An active approach to diversified tax-exempt income
Nuveen's forward-thinking approach to portfolio construction leverages 125 years as a leader in the municipal bond industry to help achieve outcomes that align with investors’ tax-exempt income objectives while seeking to minimize downside risk.
Highlights
- In September, the Fed reduced the federal funds rate by 50 bps and updated their dot plot projection. For 2024, they expect to reduce the policy rate by an additional 50 basis points. For 2025 and 2026, they expect to reduce rates by a combined 150 basis points. Treasury yields firmly declined across the curve. The 2- and 10- year yields were down 111 and 62 basis points. The 2-year/10-year spread uninverted over the quarter, after over two years with the shorter-term tenor outyielding the longer-term tenor.
- AAA municipal/US Treasury ratios (“ratios”) were mixed over the quarter. The 2-year ratio declined by 1%, while the 10- and 30-year rose by 4% and 3%. The 2-, 10- and 30-year ratios ended the quarter at 67%, 70% and 86%.

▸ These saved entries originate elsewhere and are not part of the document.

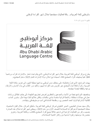3/18/25, 11:09 AM ﻲﻧطوﻟا ةءارﻘﻟا رﮭﺷ لﻼﺧ ﺔﯾﻌﻣﺗﺟﻣ تﺎﯾﻟﺎﻌﻓ ﺔﻗﺎﺑ ..«ﺔﯾﺑرﻌﻟا ﺔﻐﻠﻟ ﻲﺑظوﺑأ» | ﺔﯾﺗارﺎﻣﻹا دﺎﺣﺗﻻا ﺔﻔﯾﺣﺻ
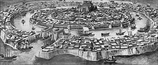 «Конунг (король – В. А.) решил послать людей, чтобы те нашли Пальнатоки и пригласили его к нему и сказали, что конунг будет ему другом. Конунг добавил к приглашению, что предлагает ему землю под названием Йом в его стране и обеспечит его поселение там, а за это Пальнатоки будет защищать свою округу и всю страну. Пальнатоки принял предложение и поселился там со своими людьми. Вскоре там был построен большой, хорошо укрепленный град. Часть города находилась на мысу и окружена была морем. Там была гавань, где могло разместиться триста шестьдесят длинных ладей (военных «длинных кораблей» – «лангскипов», или «драккаров», о которых будет еще подробнее сказано на дальнейших страницах нашего правдивого повествования – В. А.), да так, что все они находились бы под прикрытием городских укреплений (то есть крепостные стены Йомсборга опоясывали гавань наподобие кольца, напоминая этим порт Посейдониса-Посейдониды, столицы платоновской Атлантиды – В. А.). Все там было устроено так хитро, что вход в гавань перекрывала большая каменная арка. На входе в бухту были установлены железные ворота, которые запирались изнутри. На вершине арки стояла башня, в которой были установлены камнеметы (метательные машины-катапульты, или «аппараты», как их называли древние греки – В. А.). Город звался Йомсборг». («История Оркад, Дании и Йомсбурга». Туле. Древние нордические сказания и поэмы. Серия 2, том 19. Йена, 1924 год).
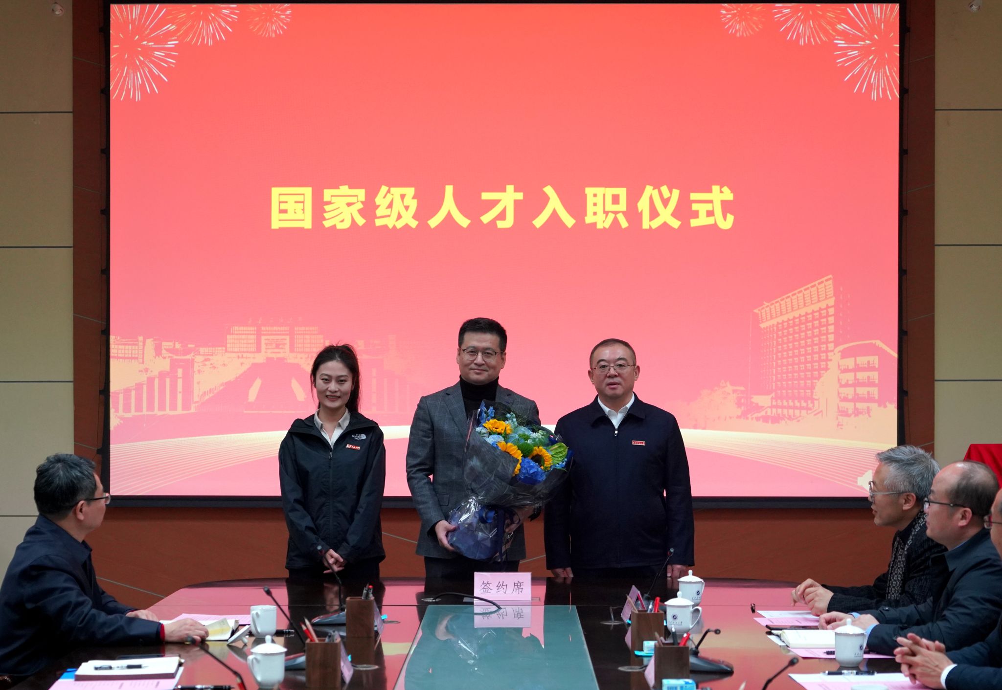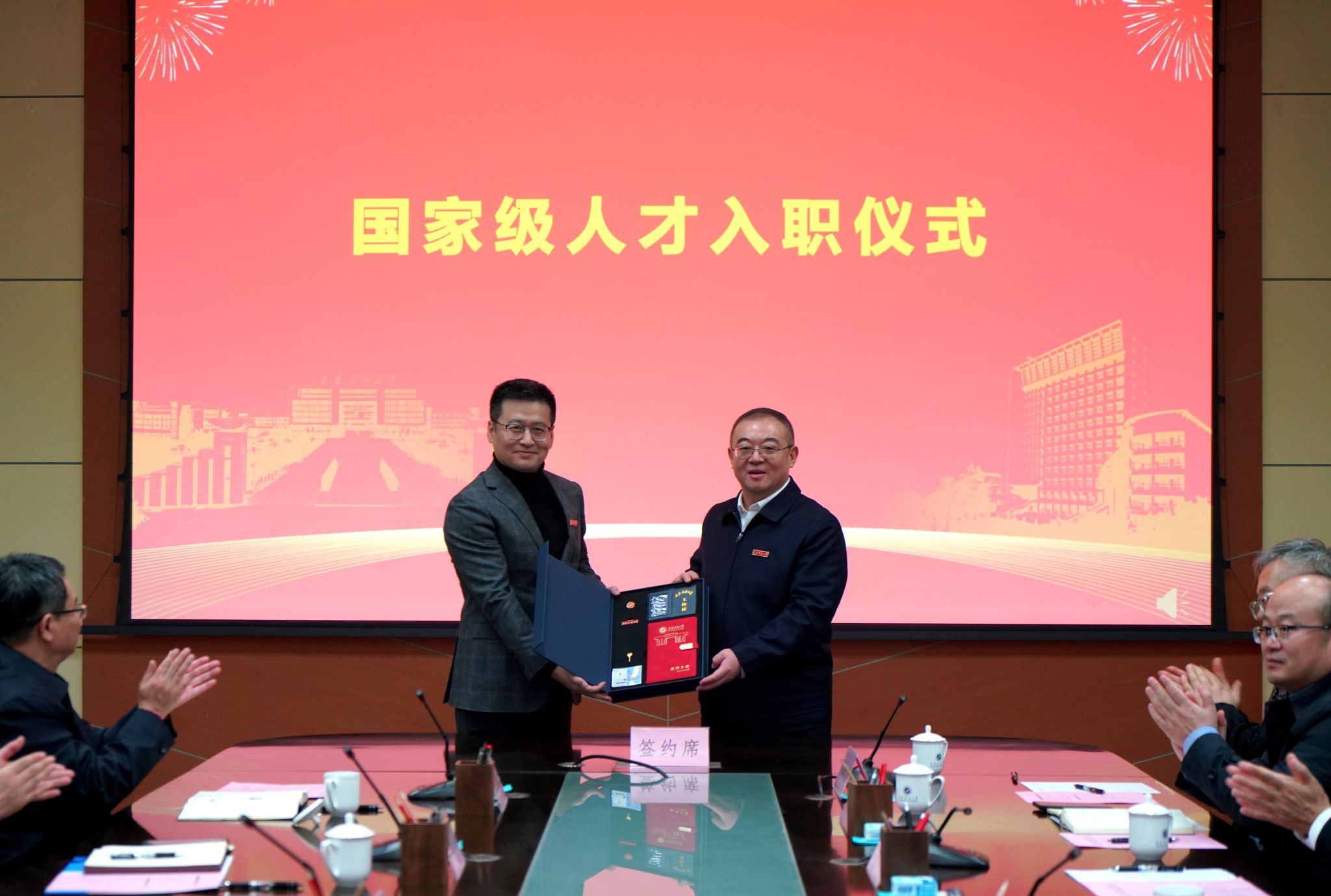 常江為崔仕章教授佩戴?;詹㈩C發(fā)了人才入職專屬禮盒。
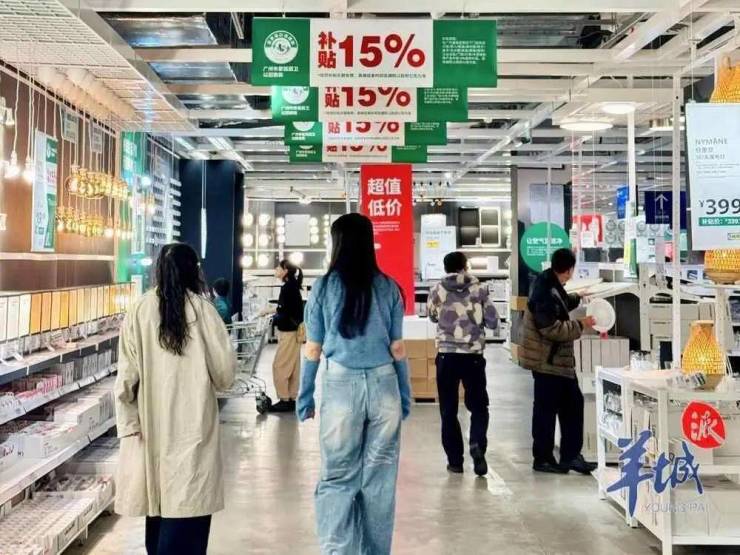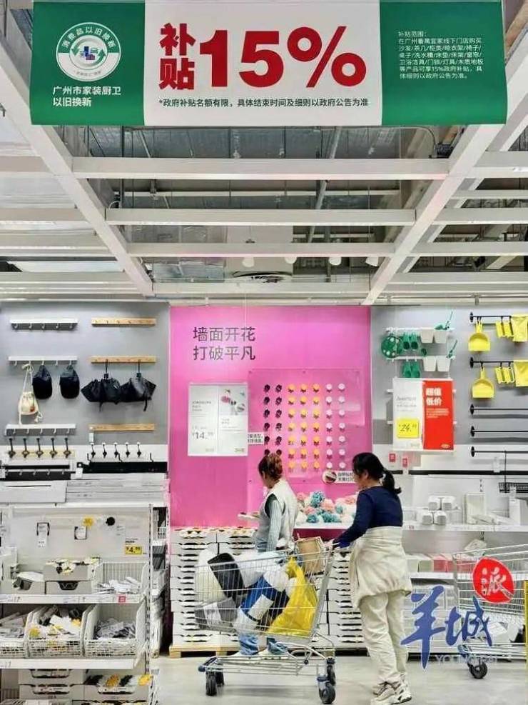 3月5日,记者走访广州宜家相关商场发现,“以旧换新”补贴15%广告牌随处可见。相关工作人员介绍,今年宜家参与家装厨卫“焕新”补贴的品类数量大幅增加,数千款产品可以享受国补,部分精选好物能享受加码优惠。此外,宜家近期还上线了回购和再售服务,让市民以更实惠的方式实现“以旧换新”。
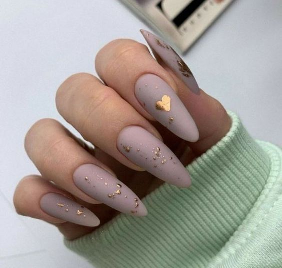 A soft lavender base sprinkled with gold flecks gives these long stiletto nails a touch of whimsy. They suggest a fairytale romance, perfect for a bride who dreams in color. These nails would harmonize beautifully with a purple and gold wedding theme.
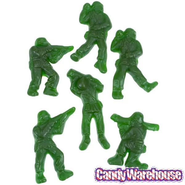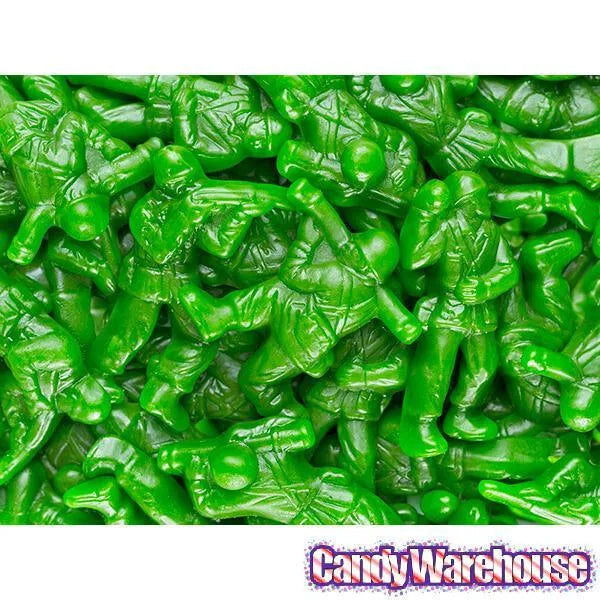 Bag contains 5 pounds of Green Gummy Army Guys Candy.
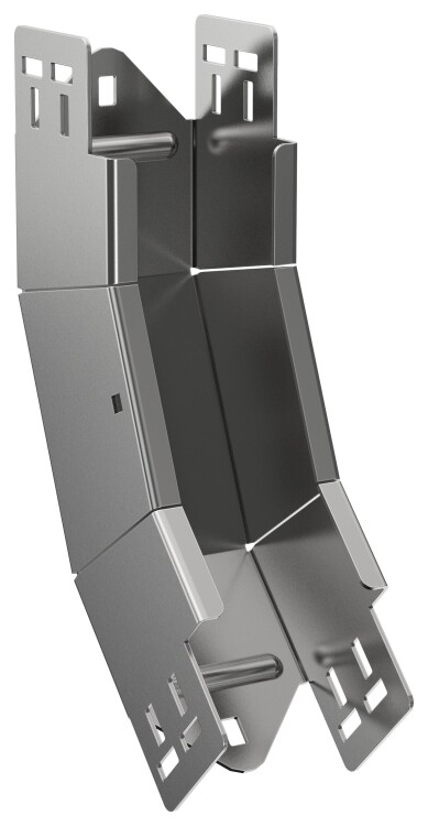 Поворот вертикальный внутренний на 45° предназначен для организации поворота кабельной трассы в вертикальной плоскости. Стыковка аксессуара с лотком осуществляется за счёт телескопического соединителя. Подходит для всех типов листовых лотков серии ESCA. Крышка на аксессуар заказывается отдельно. Аксессуар изготовлен из стали оцинкованной методом Сендзимира (защитный слой цинка не менее 5-10 мкм).
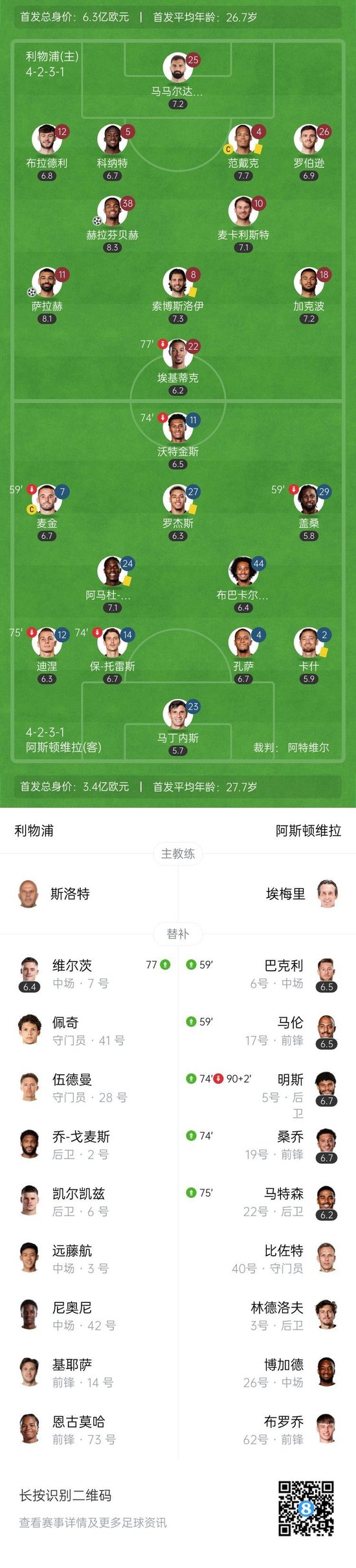 第43分钟,索博斯洛伊右路传中,埃基蒂克甩头攻门,皮球顶进球门右下角!但随后VAR判定埃基蒂克越位在先,进球无效↓
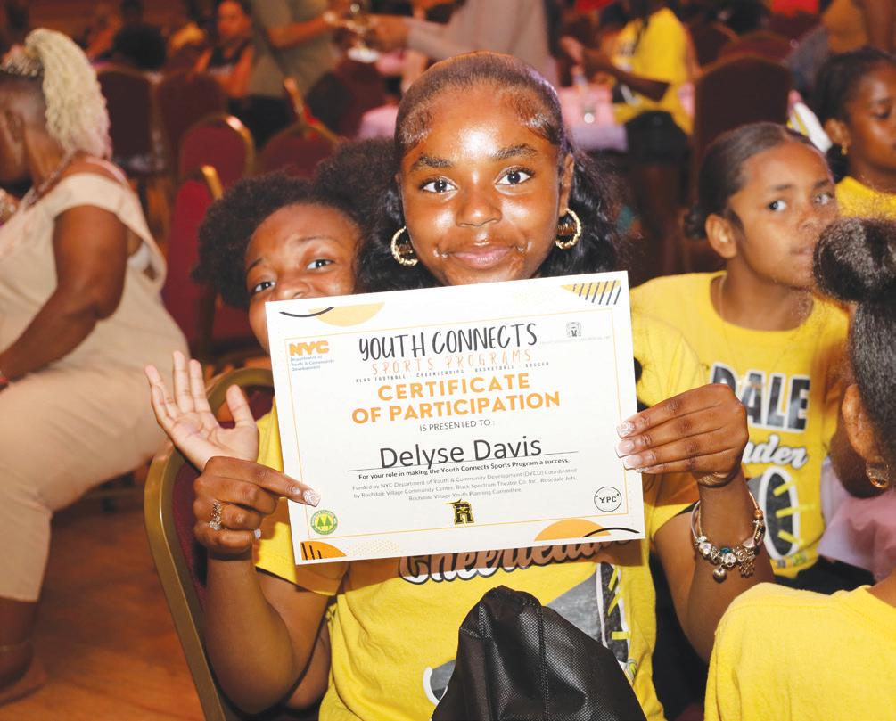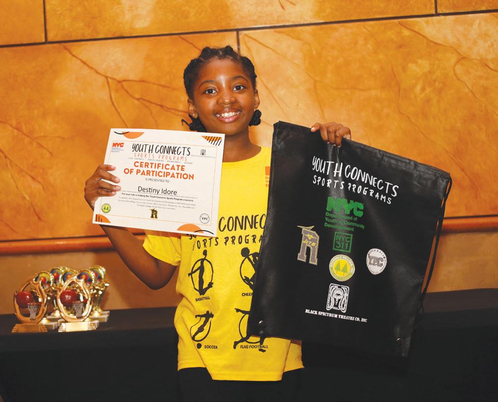 The Youth Connects Sports Programs are free youth programs that children from ages 6 to 17 can sign up for. This year, the program featured flag football, cheerleading, basketball, and soccer and was coordinated by the Rochdale Village Community Center & Youth Planning Committee, Black Spectrum Theatre Co., Inc. & Rosedale Jets and funded by NYC Department of Youth & Community Development. At the end of the program, the children were recognized for their accomplishments with an awards ceremony held in the Grand Ballroom on June 26, 2024, receiving certificates, trophies, and a bag. It was the perfect way to end this session of Youth Connects.
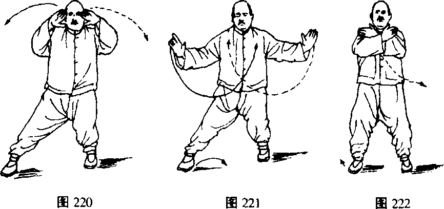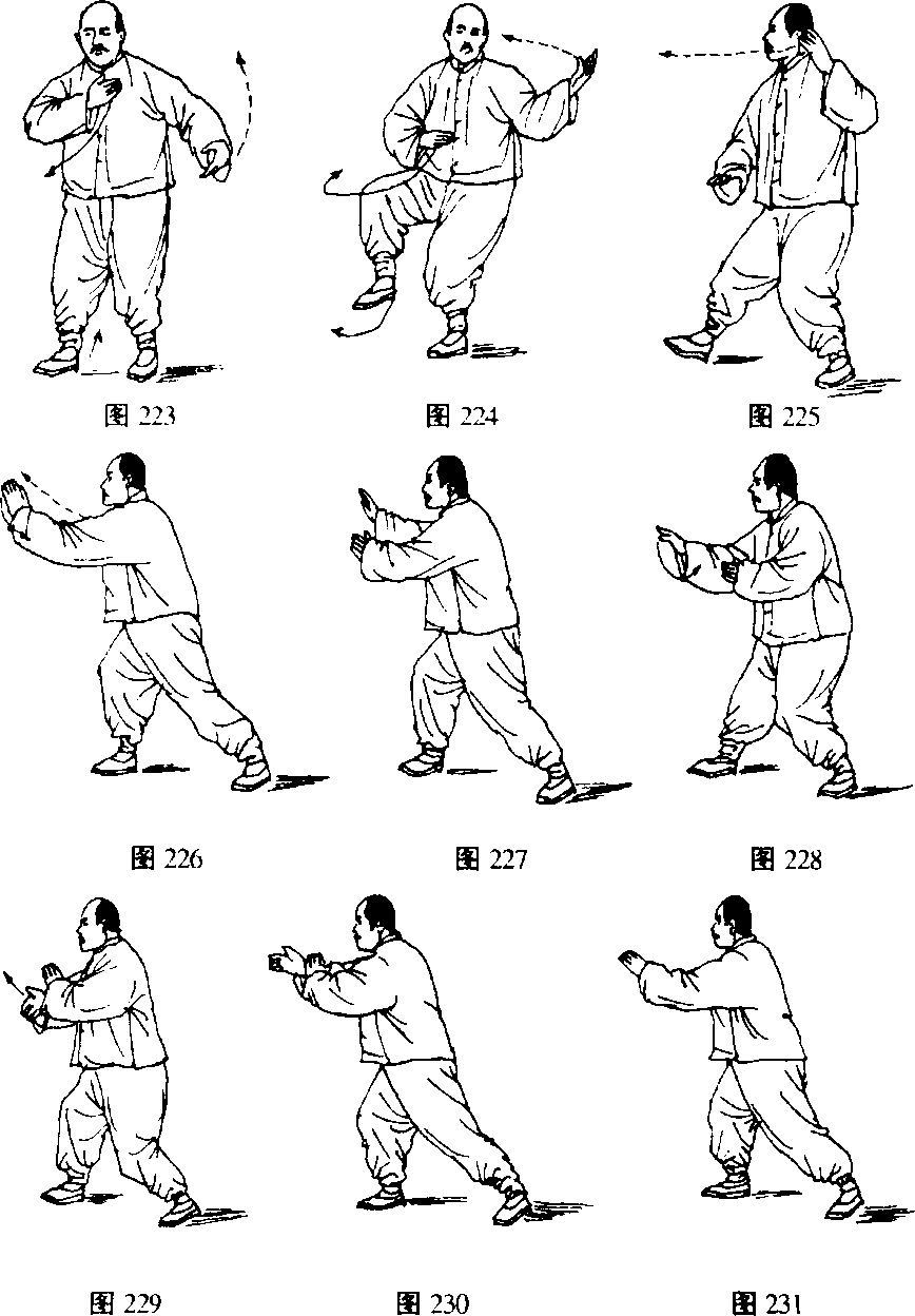 动作、要领及其它与第十四式“十字手”同。(图220、221、222)第四十七式抱虎归山动作、要领及其它与第十五式“抱虎归山”同。(图223~233)图232 图233

- Changes made this quarter were reflective of the team’s view of the yield curve steepening (short-term more attractive than intermediate) and strong fundamentals for high yield. In the conservative and moderate models, intermediate was reduced for limited-term. Intermediate was also reduced for high yield in the moderate model. In the high-income model, All-American was reduced in favor of intermediate duration, driven by the yield curve steepening expectation. Additionally, limited term was reduced for high yield.